| Work to complete |
Your job is to give again, exactly and with no additions, the lines in the records below from the one with "4. מסדרים את" through the one with "寒冷的天氣也阻擋不住業(yè", both included. Omit the pictures.

| Source data |
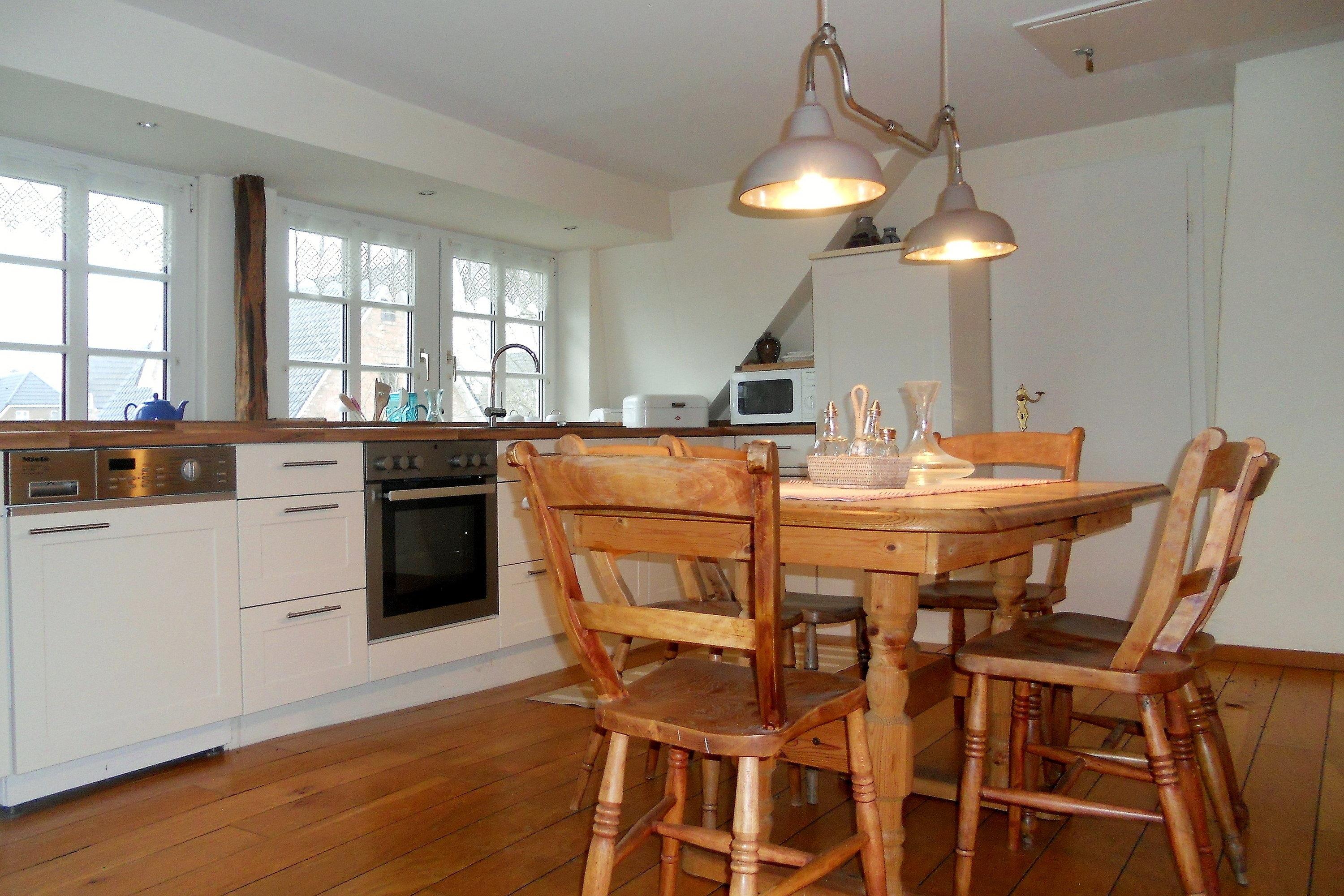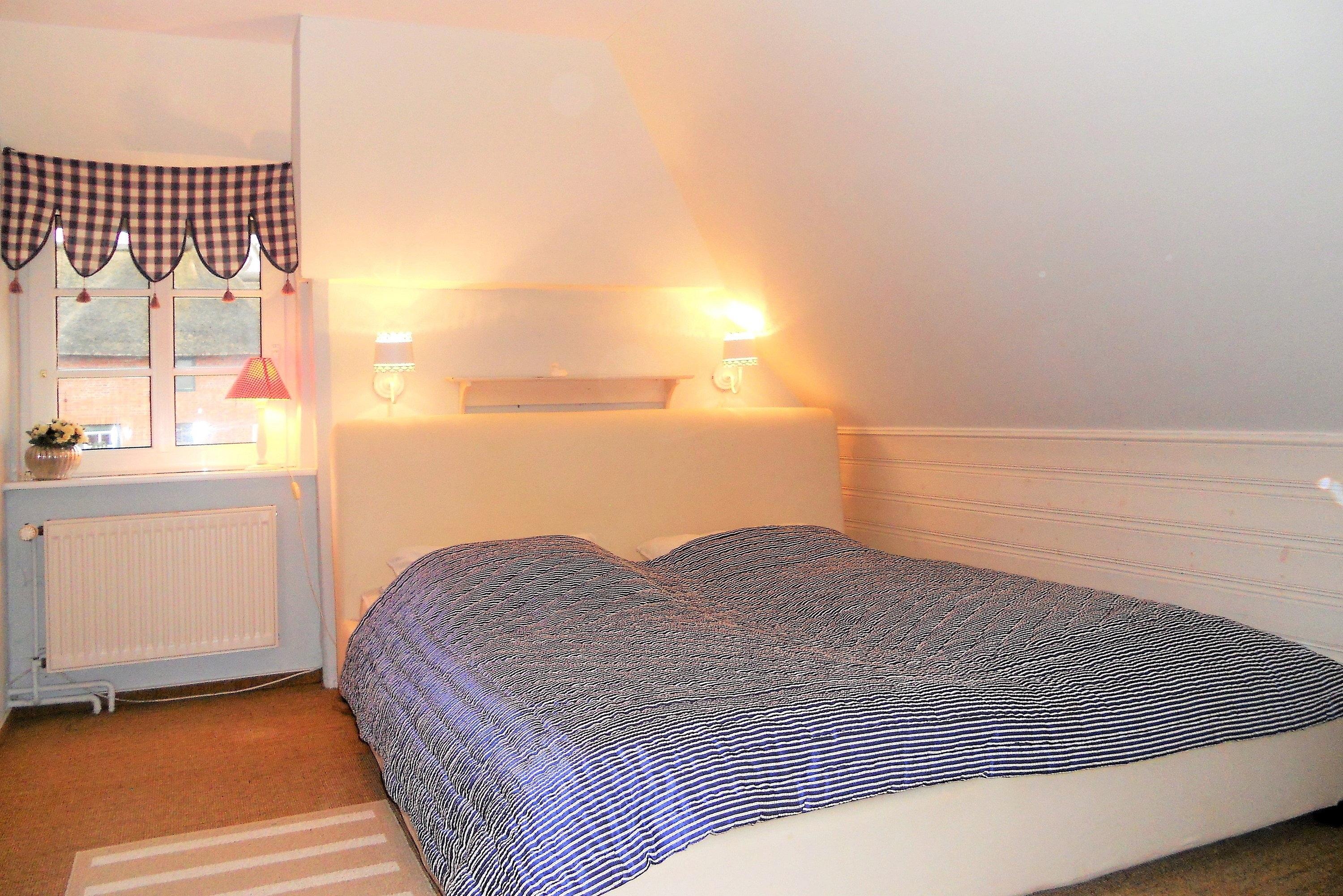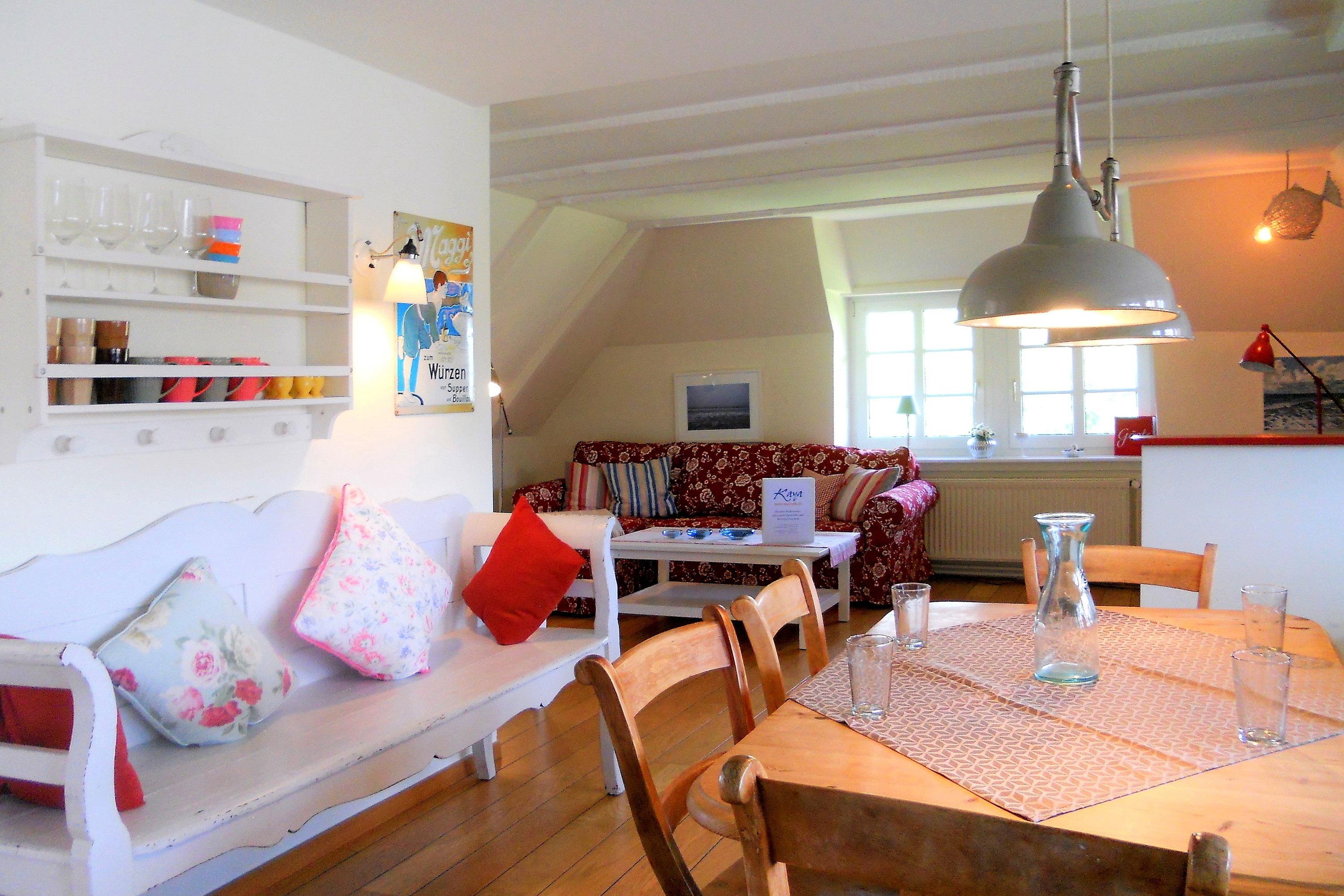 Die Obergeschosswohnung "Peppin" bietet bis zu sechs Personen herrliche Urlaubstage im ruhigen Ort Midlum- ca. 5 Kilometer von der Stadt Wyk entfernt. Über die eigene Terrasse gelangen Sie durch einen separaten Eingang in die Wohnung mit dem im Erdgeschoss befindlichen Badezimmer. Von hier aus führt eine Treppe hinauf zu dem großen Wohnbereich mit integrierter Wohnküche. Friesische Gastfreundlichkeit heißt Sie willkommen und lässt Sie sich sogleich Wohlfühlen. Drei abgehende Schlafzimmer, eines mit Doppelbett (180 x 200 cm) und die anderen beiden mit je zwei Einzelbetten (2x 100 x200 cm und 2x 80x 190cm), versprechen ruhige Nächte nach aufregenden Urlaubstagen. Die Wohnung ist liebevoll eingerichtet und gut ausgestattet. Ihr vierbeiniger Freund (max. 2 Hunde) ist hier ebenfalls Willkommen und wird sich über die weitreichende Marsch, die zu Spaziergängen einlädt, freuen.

==

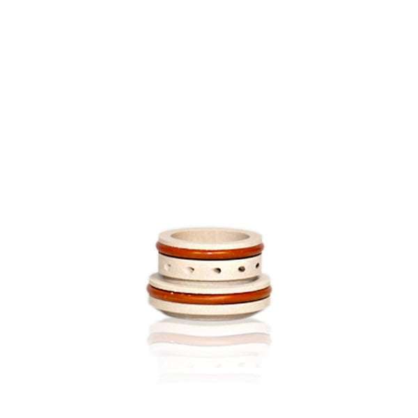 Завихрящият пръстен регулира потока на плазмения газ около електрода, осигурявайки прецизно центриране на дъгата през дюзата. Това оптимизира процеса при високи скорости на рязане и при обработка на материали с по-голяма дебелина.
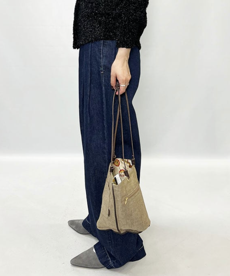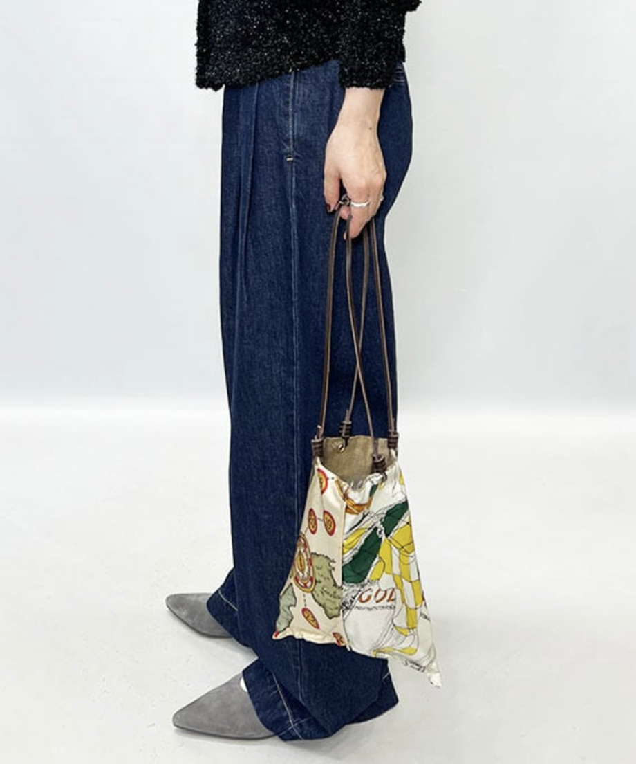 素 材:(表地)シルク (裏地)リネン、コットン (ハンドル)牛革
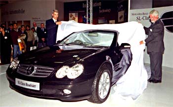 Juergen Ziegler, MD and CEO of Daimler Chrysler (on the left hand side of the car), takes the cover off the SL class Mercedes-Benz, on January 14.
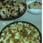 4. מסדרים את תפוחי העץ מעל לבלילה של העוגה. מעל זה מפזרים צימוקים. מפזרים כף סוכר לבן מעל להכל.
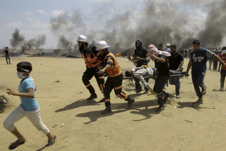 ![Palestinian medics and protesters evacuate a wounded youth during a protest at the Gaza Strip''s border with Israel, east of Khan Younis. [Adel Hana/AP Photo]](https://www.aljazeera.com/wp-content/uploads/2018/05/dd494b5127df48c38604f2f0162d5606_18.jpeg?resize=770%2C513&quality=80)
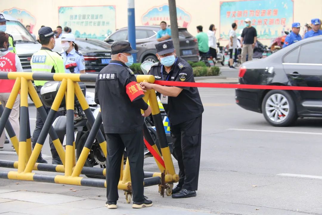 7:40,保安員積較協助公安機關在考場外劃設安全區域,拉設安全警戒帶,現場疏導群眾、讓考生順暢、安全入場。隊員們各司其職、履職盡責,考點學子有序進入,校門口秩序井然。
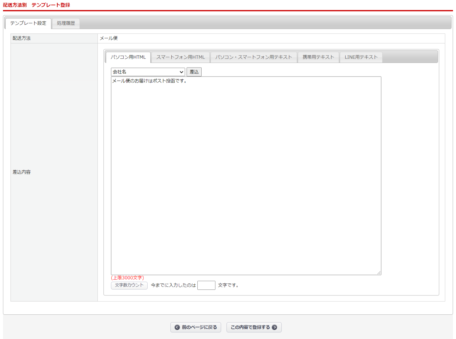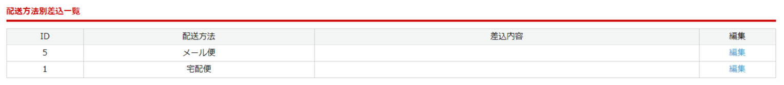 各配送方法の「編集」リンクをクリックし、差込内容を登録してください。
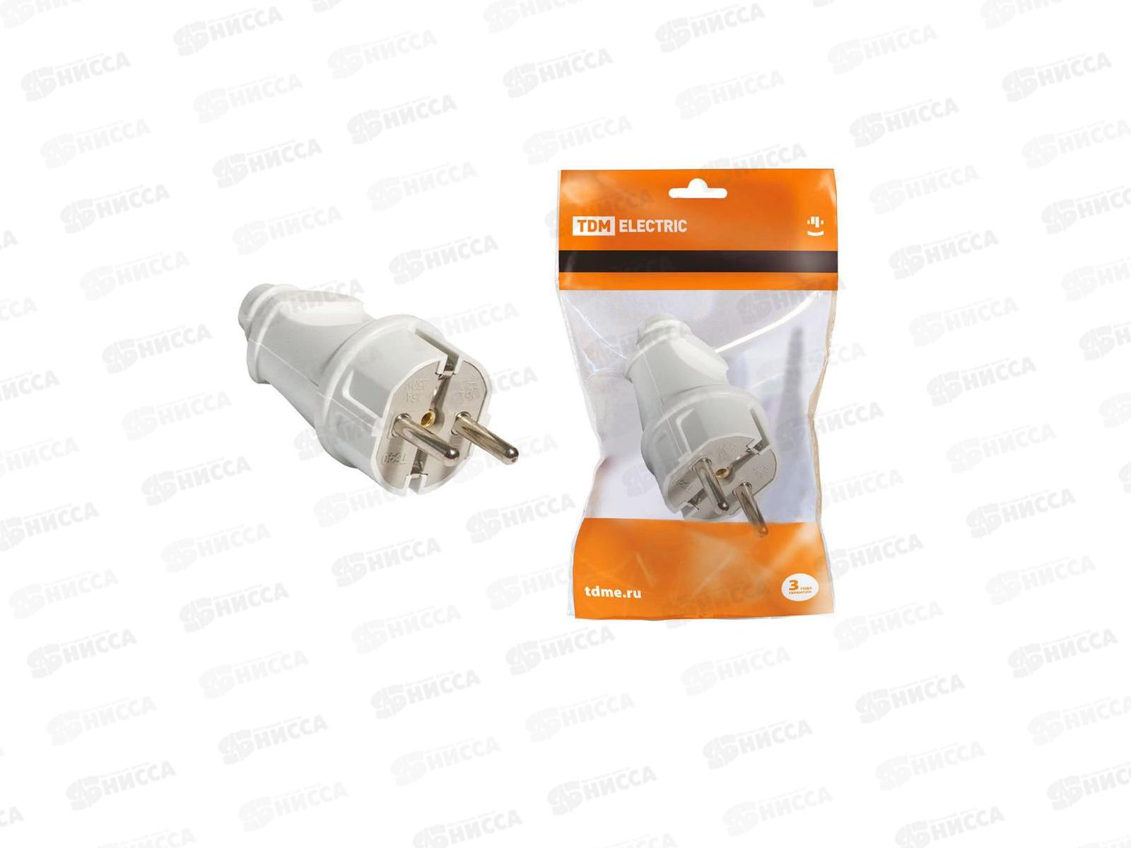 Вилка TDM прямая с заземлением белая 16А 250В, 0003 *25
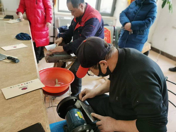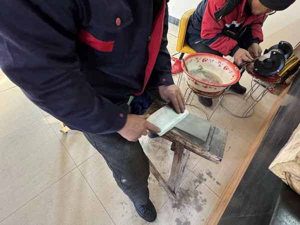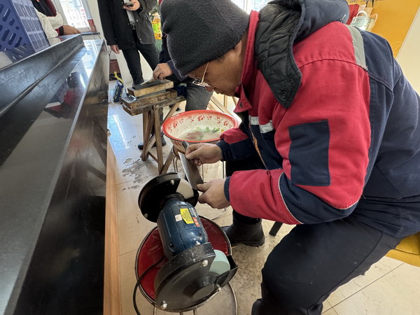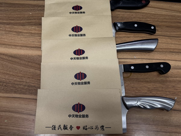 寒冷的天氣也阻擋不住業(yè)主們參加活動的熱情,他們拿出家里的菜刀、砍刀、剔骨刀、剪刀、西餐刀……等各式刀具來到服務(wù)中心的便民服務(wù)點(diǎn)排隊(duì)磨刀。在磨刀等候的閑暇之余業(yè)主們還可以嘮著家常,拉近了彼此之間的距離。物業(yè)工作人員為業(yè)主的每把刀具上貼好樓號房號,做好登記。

| Solution to this task |
 4. מסדרים את תפוחי העץ מעל לבלילה של העוגה. מעל זה מפזרים צימוקים. מפזרים כף סוכר לבן מעל להכל.
 ![Palestinian medics and protesters evacuate a wounded youth during a protest at the Gaza Strip''s border with Israel, east of Khan Younis. [Adel Hana/AP Photo]](https://www.aljazeera.com/wp-content/uploads/2018/05/dd494b5127df48c38604f2f0162d5606_18.jpeg?resize=770%2C513&quality=80)
 7:40,保安員積較協助公安機關在考場外劃設安全區域,拉設安全警戒帶,現場疏導群眾、讓考生順暢、安全入場。隊員們各司其職、履職盡責,考點學子有序進入,校門口秩序井然。
 各配送方法の「編集」リンクをクリックし、差込内容を登録してください。
 Вилка TDM прямая с заземлением белая 16А 250В, 0003 *25
 寒冷的天氣也阻擋不住業(yè)主們參加活動的熱情,他們拿出家里的菜刀、砍刀、剔骨刀、剪刀、西餐刀……等各式刀具來到服務(wù)中心的便民服務(wù)點(diǎn)排隊(duì)磨刀。在磨刀等候的閑暇之余業(yè)主們還可以嘮著家常,拉近了彼此之間的距離。物業(yè)工作人員為業(yè)主的每把刀具上貼好樓號房號,做好登記。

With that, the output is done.